About this task »
Copy all data exactly. Skip pictures.

Collected material »

※ ※ ※

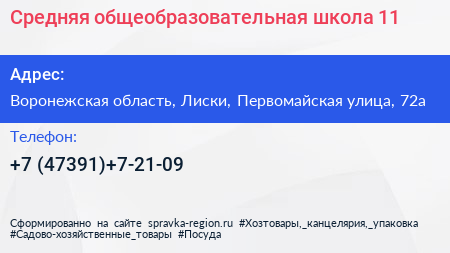 Средняя общеобразовательная школа №11 по адресу Воронежская область, Лиски, Первомайская улица, 72а в дальнейшем Организация, размещена в следующих категориях:
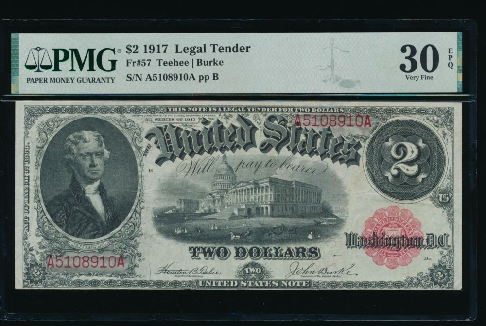 One 1917 $2 Legal Tender Note PMG 30EPQ.
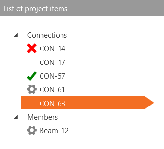 A lista de itens de projeto contém todas as ligações e elementos a desenhar. Cada item de projeto pode estar em vários estados diferentes. Logo após a importação, existe um ícone de roda dentada junto ao mesmo, significando a necessidade de definir mais o item antes de poder ser calculado. Assim que o item tiver sido suficientemente definido (existe pelo menos um caso de carga e uma operação de fabrico), o ícone da roda dentada desaparece e o item do projeto pode ser calculado (não é apresentado qualquer ícone). Após o cálculo, o item está no estado calculado e os resultados estão disponíveis (desde que o cálculo tenha decorrido sem excepções). É apresentado o ícone de um visto verde (aprovado) ou uma cruz vermelha (falhado).
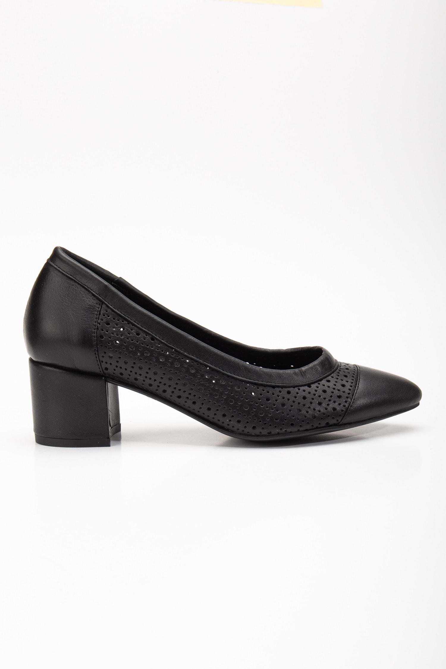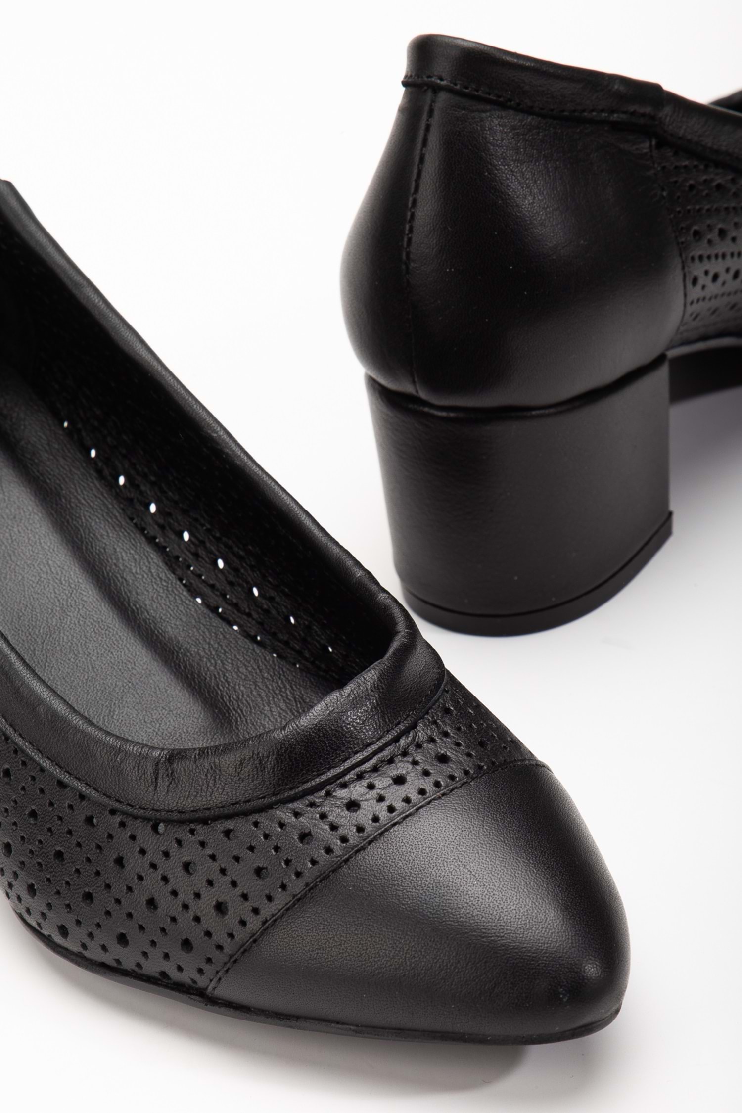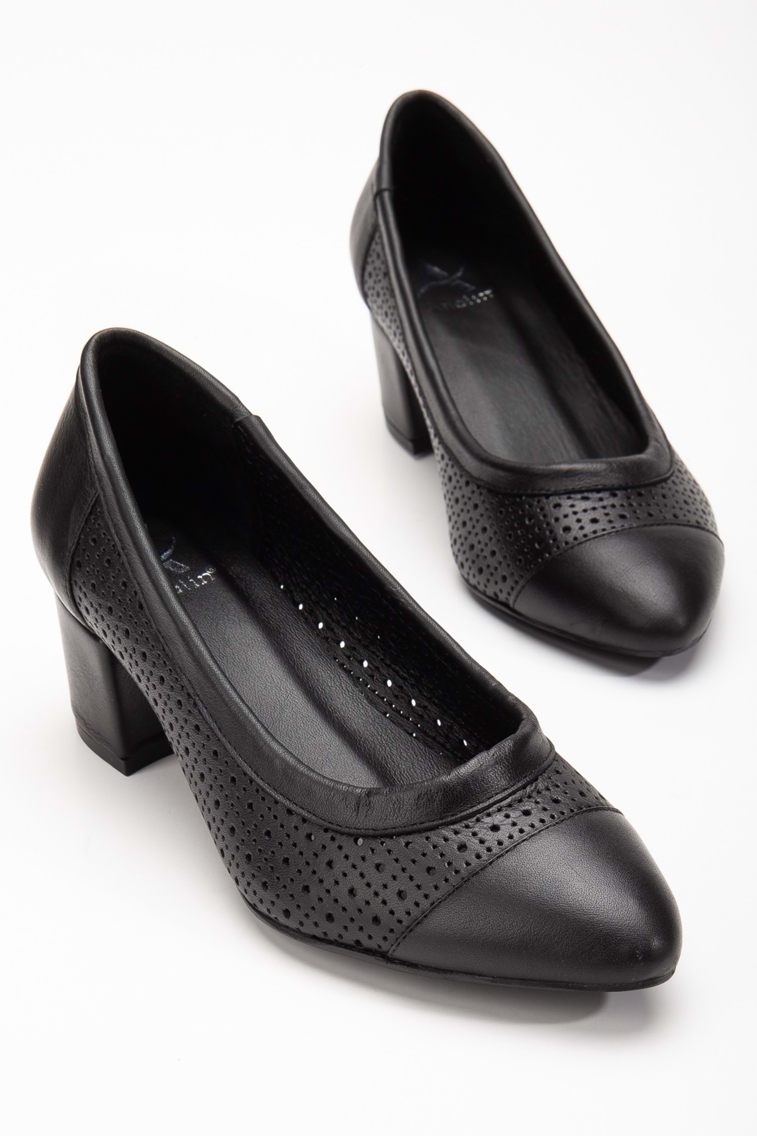 Kadın Hakiki Deri Delikli Topuklu Ayakkabı Siyah

※ ※ ※

Task solution »
 Средняя общеобразовательная школа №11 по адресу Воронежская область, Лиски, Первомайская улица, 72а в дальнейшем Организация, размещена в следующих категориях:
 One 1917 $2 Legal Tender Note PMG 30EPQ.
 A lista de itens de projeto contém todas as ligações e elementos a desenhar. Cada item de projeto pode estar em vários estados diferentes. Logo após a importação, existe um ícone de roda dentada junto ao mesmo, significando a necessidade de definir mais o item antes de poder ser calculado. Assim que o item tiver sido suficientemente definido (existe pelo menos um caso de carga e uma operação de fabrico), o ícone da roda dentada desaparece e o item do projeto pode ser calculado (não é apresentado qualquer ícone). Após o cálculo, o item está no estado calculado e os resultados estão disponíveis (desde que o cálculo tenha decorrido sem excepções). É apresentado o ícone de um visto verde (aprovado) ou uma cruz vermelha (falhado).
 Kadın Hakiki Deri Delikli Topuklu Ayakkabı Siyah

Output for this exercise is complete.